PDA

View Full Version : filter files and folder in bash based on names?



Ferrat
December 31st, 2012, 04:05 AM
Hi there,
I have a little problem, I'm trying to create a script that can sort, move and rename files in a directory but can't really find any good information when "googleing" it.

The idea is this

one folder lets call it SOURCE contains a multitude of video files and folders with video files as well as other types, now what I want to do is sort them based on naming conventions as well as other factors and move the to a more appropriate directory.

SOURCE looks like this (folder in fat CAPS, File names non caps)


SOURCE
-paris 2001.mkv
-rio 2000.avi
-CANADA 2006
--montreal-10/12.mp4
--montreak-11/12.mp4
--quebec-13/12.mp4
-CANADA.2011
--montreal-10/12.mp4
--montreak-11/12.mp4
--quebec-13/12.mp4
-trash_file.txt
-JAPAN(2003)
--tokyo-1/5.mp4
--tokyo-2/5.mp4
--tokyo-3/5.mp4

and so on...


now I want it to look like this

NEW FOLDER
-ASIA
--JAPAN
---2003
----tokyo-1/5.mp4
----tokyo-2/5.mp4
----tokyo-3/5.mp4
-NORTH AMERICA
--CANADA
---2006
----montreal-10/12.mp4
----montreak-11/12.mp4
----quebec-13/12.mp4
---2011
----montreal-10/12.mp4
----montreak-11/12.mp4
----quebec-13/12.mp4
-OTHERS
--PARIS
---paris 2001.mkv
--RIO
---rio 2000.avi


and delete everything else.

is this possible in bash if so how? or would python make a better choice and in that case how? :P

Any help would be very appreciated.

Edit:
Should add my approach right now is to check if it's a file or dir etc but I'm not sure how to drive the file/folder names through a "filter" and get the right response.

Vaphell
December 31st, 2012, 04:27 AM
all unsorted files in root dir follow the same format of location-year? or some do and you want to ignore the rest?

Ferrat
December 31st, 2012, 05:04 AM
Sadly not exactly the same format but generally it's name then year and the movies generally have dates in that form or something similar and I want to try and sort them all if possible.
Some general rules
years are separated but can be -2000- or (2000) or .2000.
names are separated but can be name- name.name_part2- name name_part2- name. name.name_part2. name name_part2.
dates are separated but can be 12/12 12.12 12-12
looking at python right now, seems more plausible for a solution

Vaphell
December 31st, 2012, 05:39 AM
dates are separated but can be 12/12 12.12 12-12
i don't think so, that's an illegal char, unless you want to create a dir/file thing
besides i don't see in the example why the dates would matter at all.

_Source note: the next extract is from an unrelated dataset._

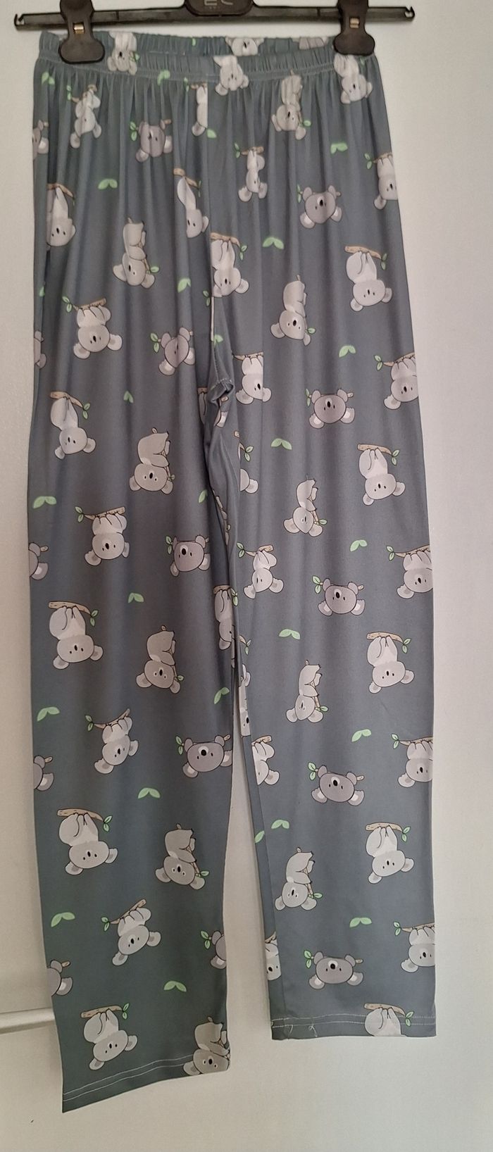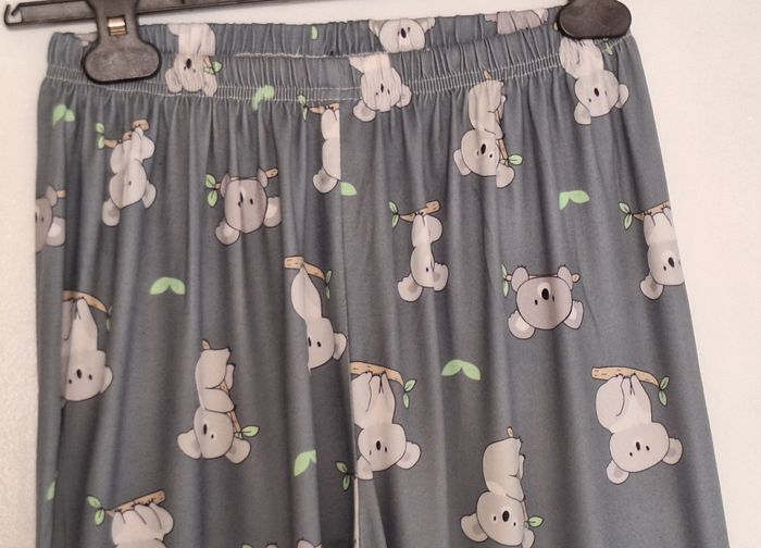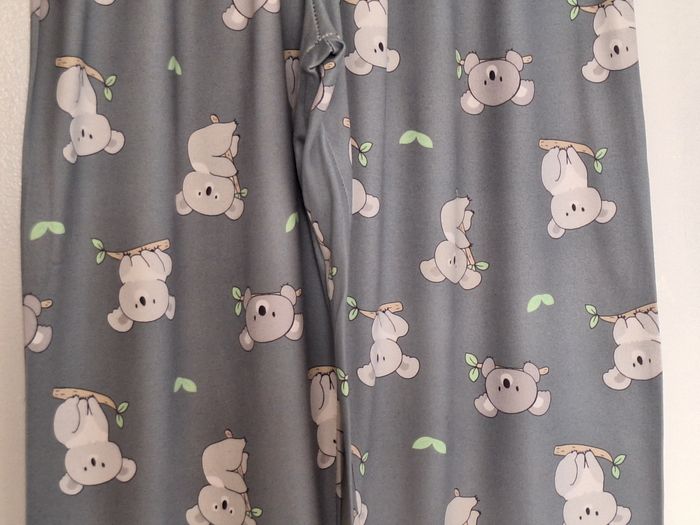 Pantalon de pyjama kaki, imprimé devant et derrière de koalas gris. Taille élastiquée. Tissu fin et léger.

i managed to sort your example in pure bash


#!/bin/bash

dest=./sorted

for r in "[-(][0-9][0-9][0-9][0-9][-)]" "[.[:space:]][0-9][0-9][0-9][0-9]"
do
for d in *$r/
do
x="${d%$r/}"
y="${d//[^0-9]/}"
echo mkdir -p "$dest/$x/$y"
echo mv "$d"* -t "$dest/$x/$y"
done

for f in *$r.*
do
[ -f "$f" ] || continue
x=${f%$r.*}
y="${f//[^0-9]/}"
echo mkdir -p "$dest/${x^^}/$y"
echo mv "$f" -t "$dest/${x^^}/$y"
done
done


$ tree
.
├── CANADA.2011
├── CANADA 2006
├── dest
│** ├── CANADA
│** └── JAPAN
├── JAPAN-2003-
├── sort_crap.sh
├── sorted
│** ├── CANADA
│** │** ├── 2006
│** │** │** ├── montreal-10_12.avi
│** │** │** ├── montreal-11_12.avi
│** │** │** └── quebec-13_12.avi
│** │** └── 2011
│** │** └── montreal-11_12.avi
│** ├── JAPAN
│** │** └── 2003
│** │** ├── tokyo-1_4.mp4
│** │** └── tokyo-2_4.mp4
│** ├── PARIS
│** │** └── 2001
│** │** └── paris 2001.mkv
│** └── RIO
│** └── 2000
│** └── rio 2000.avi
└── trash_file.txt



obviously these echos are a safety valve to see if the output looks like anything remotely desirable without actually running mv. Tests on dummy data encouraged.
i don't think that the real world data is as easy to process as the example was - year tag in 3 possible formats always at the end.

Ferrat
December 31st, 2012, 05:44 AM
No it's probably not as easy, will try out your script and push the output to a log file to see what happens but right now I'm thinking python with regular expressions might be a better way to go?